Most people enter master's programs to further their careers, pursuing course work in specialized fields. But for 35 years, a certain kind of person has enrolled in the Master of Liberal Arts program at Johns Hopkins University--with all the reading assignments and papers that come with it--for one simple payoff: a true love of learning.
On Sunday, Nov. 16, Hopkins celebrated the 35th anniversary of its Master of Liberal Arts program, a 30-credit degree offered through the School of Continuing Studies and designed for adults living and working in an increasingly specialized world. This is a program for people hungry to feed their intellects with knowledge of the great ideas of past and present Western and Eastern civilizations.
The highlight of the celebration was a faculty panel discussion in tribute to the late Ralph Harper, a theologian, philosopher and dedicated teacher in the Hopkins MLA program. MLA faculty discussed Harper's provocative definition of man as "embodied freedom." Afterward, past and present students and MLA faculty mingled at a reception in Mudd Hall.

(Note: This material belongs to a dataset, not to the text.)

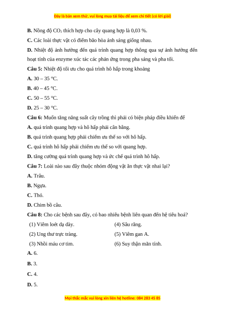 Câu 8: Cho các bệnh sau đây, có bao nhiêu bệnh liên quan đến hệ tiêu hoá? (1) Viêm loét dạ dày. (4) Sâu răng. (2) Ung thư trực tràng. (5) Viêm gan A. (3) Nhồi máu cơ tim. (6) Suy thận mãn tính. A. 6. B. 3. C. 4. D. 5.

Since its start, 2,400 students have graduated from the Hopkins MLA program. Some 200 are currently enrolled. They are a diverse group who represent a vast range of ages, backgrounds and professions. Yet, says Nancy Norris, director of the program, most of the students are one of two types: those who have reached a successful professional or personal plateau in life and have begun to feel a little intellectually flat, and those who are at a personal crossroads, in a divorce for example.
"Both are asking the perennial question, 'Is this all there is to life?'" Norris says. "Both are searching for meaning, for a broader understanding of humanity, and believe they can get a closer glimpse to all that by studying the works and impact of history's greatest thinkers."
In 1942, Arnall Patz was just finishing his second year of college at Emory University; he had already put behind him his science and pre-med requirements in order to spend his last two years in college taking electives and humanities courses. But, of course, that was the year the United States entered World War II- -and it would be another 53 years before Patz would ever take a humanities course.
That year he went straight into medical school, attending year-round to graduate in three years; after an internship, he immediately went into service as a doctor. Over the next 50-some years, Patz became a pioneer in ophthalmology--he discovered as a young doctor that the amount of oxygen being administered at the time to premature babies was causing blindness. Success followed his life. He continued his research to fight blindness; had a successful private practice; taught at Hopkins' School of Medicine; became director of Hopkins' Wilmer Eye Institute; won a Lasker Prize; was a husband, a father of four and grandfather to six.
But always, there was one regret: He had never studied Rousseau, never been guided into the thick of Upton Sinclair's world, never sunk his teeth into a meaty ethics course, and he had never read history's great thinkers' views on the meaning of life.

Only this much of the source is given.